P300 cognitive evoked potentials
The electroencephalography (EEG) signals were recorded using a Medicid 4 Plus, Neuronic equipment, with 20 monopolar gold-disk electrodes placed according to the 10–20 international system [40] including Oz position, with impedance lower than 5 kΩ, at a sampling rate of 200 Hz (5 ms) and band-pass from 0,5 to 30 Hz. Two additional electrodes were placed on the right and left earlobes, to be used as reference. Two electrodes were used to detect eye-movement artifact, one placed 1 cm above the left outer canthus and other placed 1 cm below the right outer canthus; subsequently, wave signals recorded within eye-movement artifact were removed from analysis. Subjects were seated comfortably when experiments were performed. Defects in auditory and visual sensorial pathways were ruled out in all participants by recording normal wave results in brainstem auditory evoked potentials, pattern reversal visual evoked potentials and electroretinogram.

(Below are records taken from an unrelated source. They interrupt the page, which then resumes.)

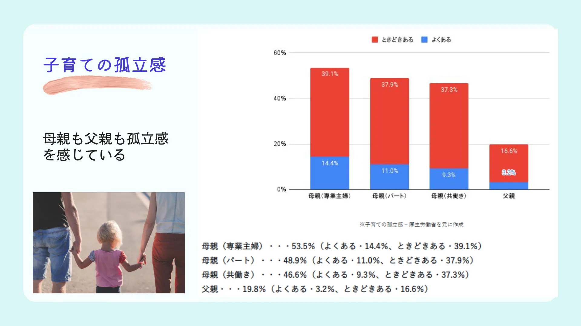 さらに、現在のコロナ禍により、母親だけでなく父親も子育てにおいて孤立感を抱えていることもわかっています。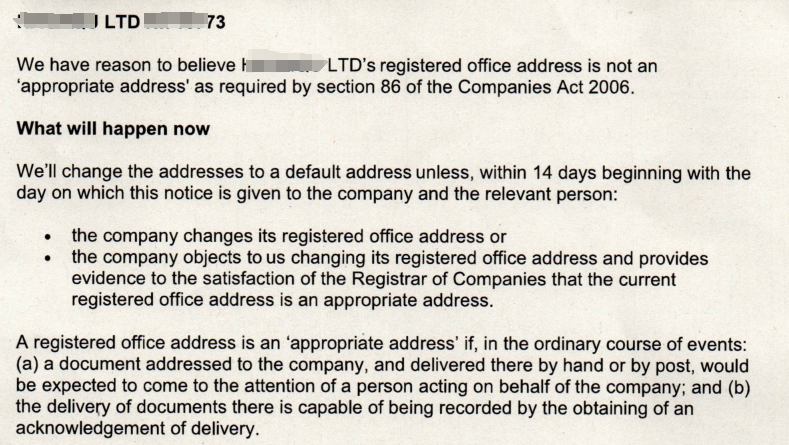 更让人头疼的是,Companies House还会群发验证信,上面直接写:“我们有合理理由怀疑你的公司地址不是一个“合适的地址”(We have reason to believe XXX LTD's registered office address is not an ‘appropriate address’)。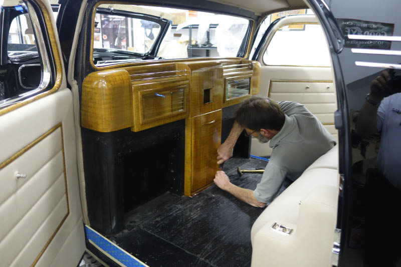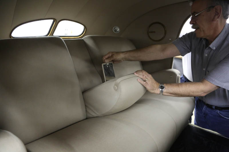 Master upholsterer Bruce shows the ash tray location in the center of the rear arm rest.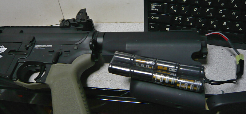 このバッテリーだとストックチューブに完全に収める事ができます。
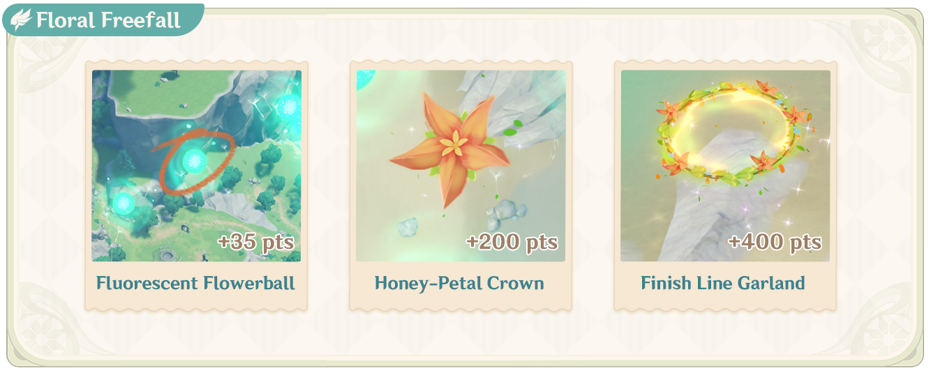 Travelers will have to leap down from a high platform and collect the Flower Balls floating in the skies. Different Flower Balls will award different amounts of points. Other than this, the amount of challenge time remaining will be converted into points. Each second is worth 1 point, and you can gain up to 10 additional points.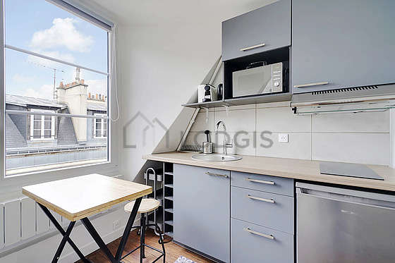 Cet appartement dispose d'une cuisine et tout l'équipement essentiel pour votre quotidien : plaques de cuisson, réfrigerateur, congélateur, four, micro ondes, hotte, grille pain, bouilloire électrique, cafetière, table à manger, placard.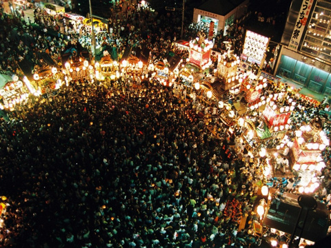 「上組」と「下組」にわかれ、それぞれの神輿と山車が観客の中を練り歩きます。

Auditory and visual P300 cognitive evoked potentials were recorded using the oddball stimulation paradigm [35,41], with 130 stimuli, 25% of which were infrequent (target stimulus), presented at random. Participants were instructed to click the left button of the computer mouse each time target stimulus appeared. Visual stimuli were presented on the computer screen and were represented by the figure of a horse (target/infrequent stimulus) and the figure of a bicycle (frequent/non target stimulus). Each stimulus was presented during 500 ms. Auditory stimuli were represented by a 2,000 Hz tone (target/infrequent stimulus) and a 500 Hz tone (frequent/non target stimulus), each was presented during 100 ms, at 60 dB SPL of intensity. Time between stimuli (visual as well as auditory) was 1,200 ms.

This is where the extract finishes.